In-House Legal Solutions NDA Guidance Note Series – Indemnities in a Non-Disclosure Agreement

Indemnities NDA

Indemnities in a Non-Disclosure Agreement

We comment on the inclusion of indemnities in a non-disclosure agreement (“NDA”), in this Part 4 of the In-House Legal Solutions NDA Guidance Note Series.


Whilst not market standard, it is not uncommon to see a request for indemnification for all losses (damages, costs and expenses) arising out of a breach of an NDA crop up in the initial draft. It will often be a point of contention and negotiated quite heavily.


The stance you take will depend on whether you are the party disclosing or receiving the confidential information, as indemnities are usually disclosing party friendly.

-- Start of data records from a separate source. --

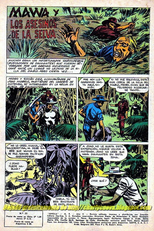 Marino, Juan (1968). Mawa y los asesinos de la selva. Revista Jungla 32. Ed. Zig-Zag.
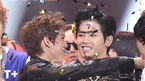 [OSEN=김경섭 기자] 3일 오후 서울 마포구 상암동 SBS 프리즘타워에서 'SBS MTV 더 쇼 시즌4' 무대가 펼쳐졌다. 인피니트 H 동우, 호야가 더쇼 초이스 수상후 댄서들과 기쁨을 나누고 있다. 한편 이날 생방송에는 나인뮤지스, 써니힐, 6
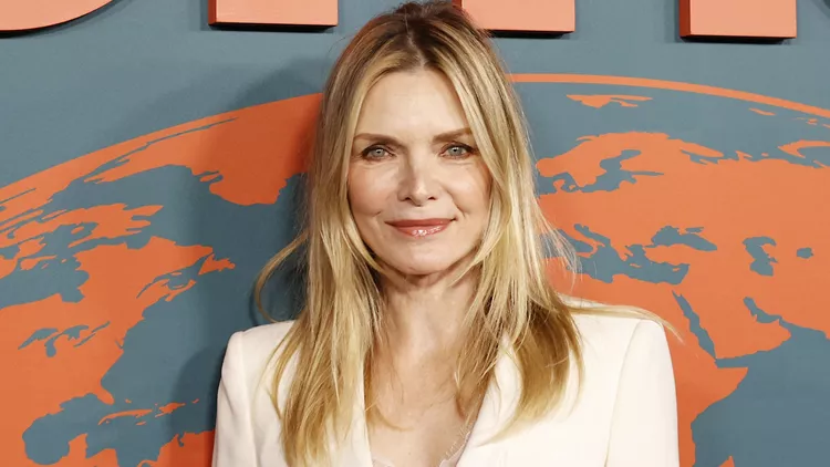 Στη φωτογραφία η Michelle Pfeiffer φοράει ένα μπεζ παλτό και ένα μαύρο τοπ ενώ τα ξανθά μαλλιά της πέφτουν απαλά στο πρόσωπό της και τονίζουν τα μπλε μάτια της.
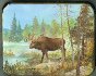 Here the artist has depicted the moose in the forest.
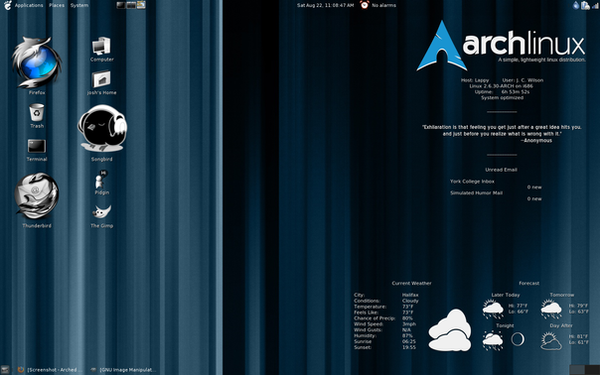A screenshot of my current desktop. I'm running Arch Linux with XFCE. In the terminal I've run screenfetch.It's a little more conservative than some of my other screenshots.
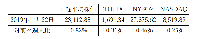 今週木曜日28日のサンクスギビング・デーを前に、先週の市場は既に膠着状態となった。前週末に達成したNYダウの28,000ドル乗せも3日ももたずに割り込んだ。期待感高まる米中貿易摩擦問題の決着に少々暗雲が立ち込めたというのが大方の見方だ。ただ総じてニュースフローに乏しいのが膠着の原因だろう。米国債のイールドカーブはよりフラットニング化が進んだ。恐らくこのままサンクスギビングの休暇ウィークに入るため、米国市場の動きはより乏しくなり、それを受けて日本市場も膠着すると思われる。何事も無ければの話だが。
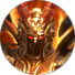 蚩尤身材魁梧,肩上飘扬蓝丝带,上身裸露,下身穿着战甲,手持一柄神兵利器。背后变化出一对形似兽类的、强健有力的赤红色手臂。一手如兽掌张开,一手紧握一柄尖槌武器。

From the receiving party’s point of view, indemnities are a red flag, and they may wish to delete an indemnity straight away or seek to limit the damages that the disclosing party is entitled to, by excluding indirect, financial and consequential losses and only to the extent that the disclosing party has taken all reasonable steps to mitigate its losses.


However, the discloser may push quite strongly for indemnification depending on the nature of the information being disclosed and the implications of breach. Indemnification would relieve the disclosing party of having to mitigate any loss and they may argue that much of the harm caused by a breach may be indirect or economic in nature so they will not agree to excluding this. There may also be more favourable time limits in their being able to bring a claim under and indemnity as opposed to a damages claim.


It is worth bearing in mind however that the absence of an indemnity does not preclude the disclosing party from being able to claim damages or seek an injunction for example, provided that the NDA is drafted so as to cater for this.


Inevitably indemnity clauses will be heavily negotiated and will centre around the facts and the likely losses and risks involved in the unauthorised disclosure of confidential information. It is very important to carefully consider and seek legal advice when faced with such clauses.